その他基本的な検査として、尿検査、尿流量測定、血清PSA(前立腺特異抗原)測定、エコー検査などを用います。症状によっては、患者自身による排尿日誌、尿流動態検査、血清クレアチニン測定などを行うこともあります。
出典:国際前立腺症状スコア|日本泌尿器科学会 前立腺肥大症診療ガイドライン
前立腺肥大症の原因
前立腺肥大症の原因はまだはっきりとは解明されていません。ただし、加齢とともに前立腺が肥大することは明らかで、特に50~60代以降になると顕著です。そのため、テストステロンなどの男性ホルモンが関連していると考えられています。

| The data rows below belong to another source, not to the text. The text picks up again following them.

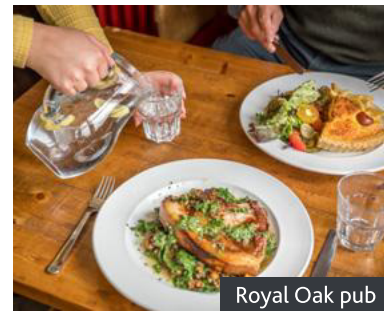
Royal Oak pub

Rejoin The Ridgeway and continue along the undulating trail - after about three miles you'll reach the Iron Age hill fort of Uffington Castle, and just beyond it the iconic landmark of the Uffington White Horse. No entry ticket is required; visitors freely wander around it. Why it was created remains a mystery although there's a theory that the image was supposed to be a dragon - this is upheld by the presence of Dragon Hill nearby, said to have been the place where St George killed the menacing beast of legend.
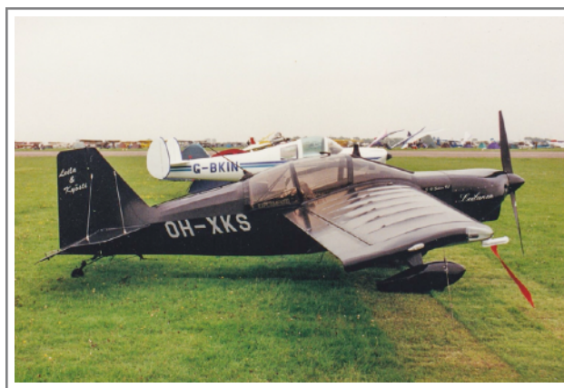
OH-XKS Rans S.10 Sakota 4 July 1997 at Cranfield
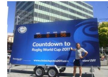
Not quite the countdown expected...
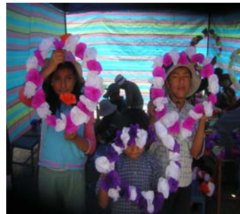
Children participating in the library program show off their creations

After the devastating earthquake that struck Chile in February of 2010, CAFE partnered with a local agency, named SEPADE, to support student-led reconstruction efforts.
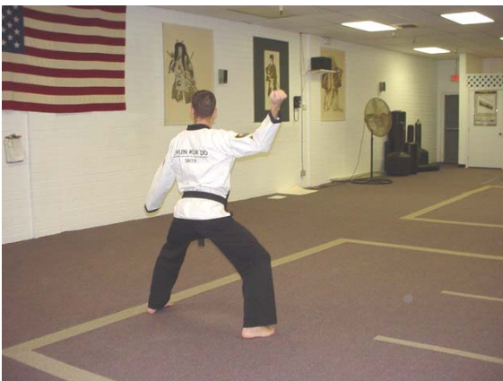
Landing in a side stance, left low block, right back knuckle strike.
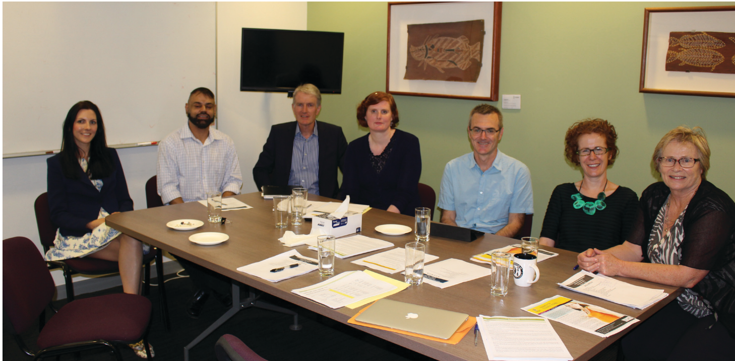
► KLC Management Committee
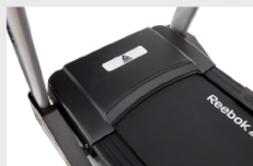
2 HP Motor - 16 KPH Max. Speed
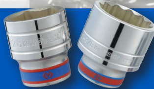
Standard = Blue Imperial = Red
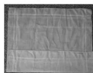
Fold the handkerchief from one side to little above the middle of the cloth
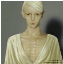
Figure 13: Tall White, Nordic, Telosian
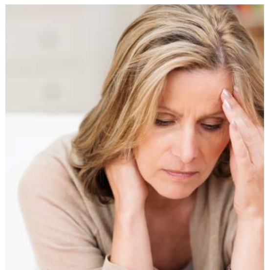
Embrace your feelings
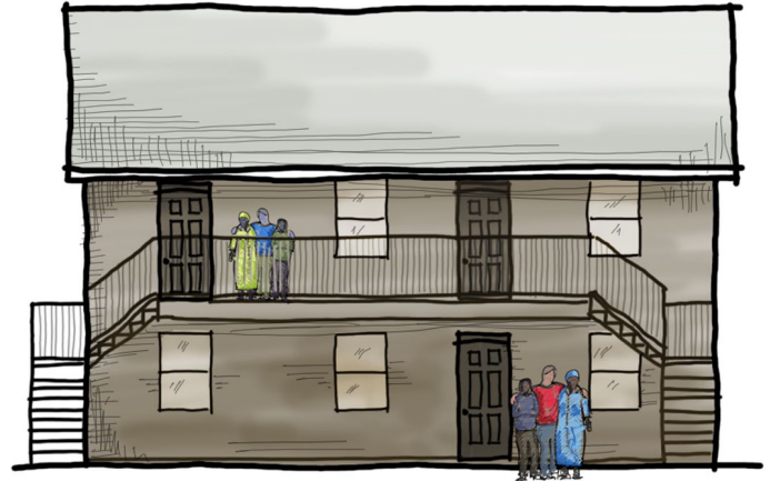
FRONT ELEVATION- BABY CENTRE AND NEW LCC HOME

その他、肥満や高血圧、糖尿病などの生活習慣病との関連も指摘されています。
前立腺肥大症の予防
前立腺肥大症は、日常生活上のセルフケアで症状の軽減が期待できます。セルフケアの一例としては
- ・尿を我慢しない
- ・身体を冷やさない
- ・長時間同じ姿勢で過ごさない
- ・便秘に注意する
- ・適度な運動をする
- ・水分の過剰摂取は控える
- ・アルコールの過剰摂取は控える
- ・ノンカフェインの飲み物を摂取する
などが挙げられます。
また、野菜や穀物、大豆などに含まれるイソフラボノイドに前立腺肥大症発症の抑制効果があるという研究結果もあります。
市販薬や処方薬で前立腺肥大症の症状が悪化することもあるので、服薬は医師に相談することを推奨します。